Improved design of spent fuel dry storage using phase change heat transfer of hybrid control rod-heat pipe

Abstract

A thermosyphon heat pipe, which is a passive heat transfer device using phase change and natural convection of working fluid between two different temperature interfaces, have been investigated as safety feature of various passive safety systems in nuclear facilities. One of the applications is hybrid control rod-heat pipe, combining functions of existing control rod and thermosyphon heat pipe. The hybrid control rod-heat pipe contains neutron absorber and working fluid inside the metal container, therefore, it has cooling performance and controllability of reactivity. Based on its simple working principle and easy applicability, innovative spent fuel dry storage cask was designed.

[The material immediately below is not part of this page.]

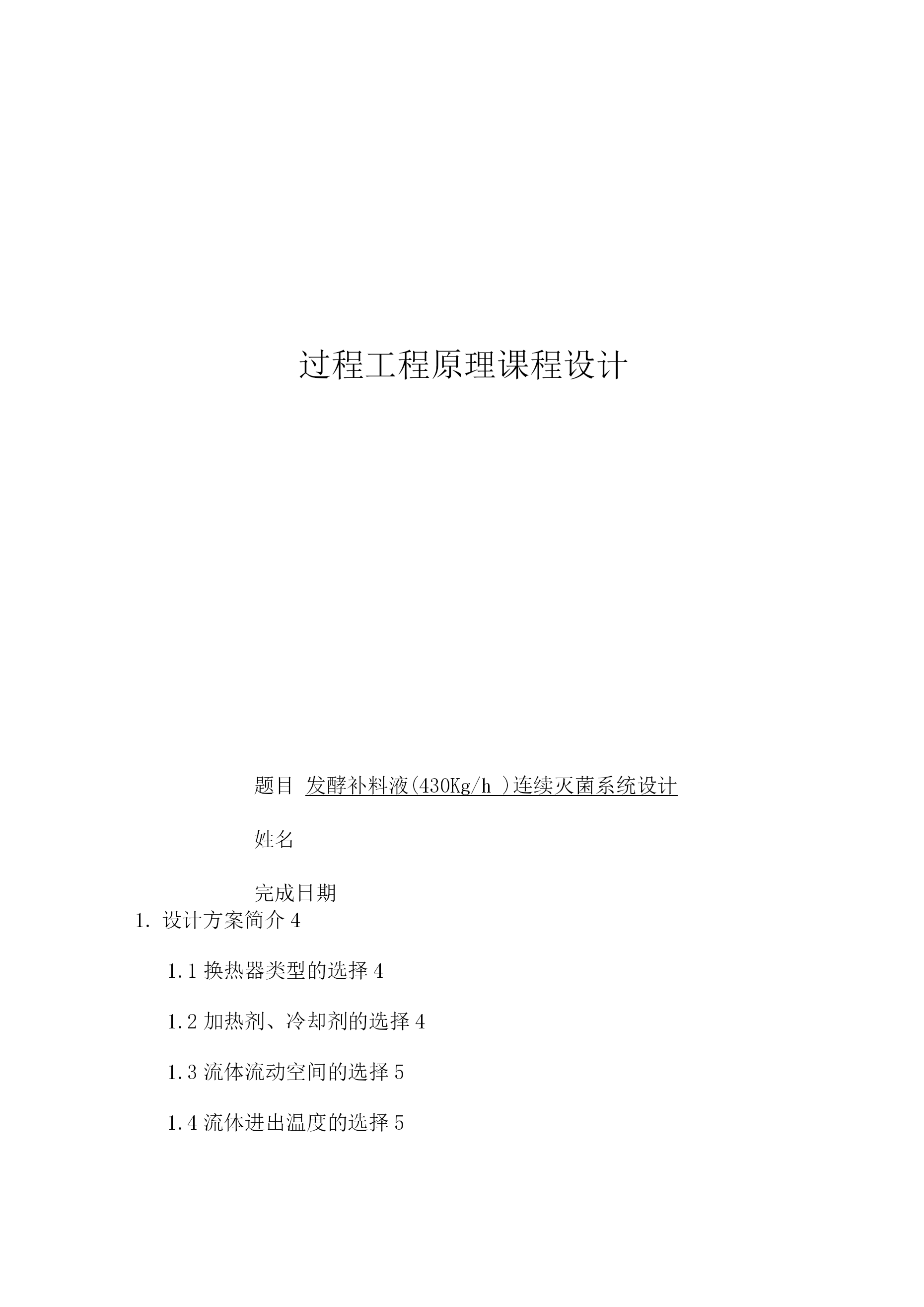 过程工程原理课程设计题目发酵补料液(430Kg/h)连续灭菌系统设计姓名完成日期TOC\o"1-5"\h\z设计方案简介41.1换热器类型的选择41.2加热剂、冷却剂的选择41.3流体流动空间的选择51.4流体进出温度的选择51.5换热器材质的选择51.6初步流程图6工艺计算72.1换热器(加热器)计算72.1.1热量计算72.1.2K值A值计算72.1.3管壁温度92.1.4壳体壁温92.1.5温度补偿92.2冷却器1计算92.2.1热量计算92.2.2面积A与K值计算102.2.3管壁温度112.

To analyze the cooling performance of hybrid control rod-heat pipe as a safety feature for spent fuel dry storage cask proving its feasibility, demonstration test facility was constructed in a single fuel assembly scale with full height (6m for spent fuel dry storage cask). Through the series of experiments and MARS analyses with demonstration test facility, the effects of hybrid heat pipe on safety of spent fuel dry storage cask under normal operation condition will be observed. The hybrid heat pipe-equipped fuel assembly showed the reduced coolant temperature and peak cladding temperature compared to conventional fuel assembly design under the simulated operating conditions, securing additional thermal margin. In addition, heat transfer models related to evaporation, condensation, and flooding inside the hybrid heat pipe will be evaluated based on experimental data, to predict the cooling performance in transient conditions of reactor and cask environment. It is expected that feasibility of other passive safety systems utilizing heat pipe can be fully investigated by the analysis results on full-scale hybrid heat pipe.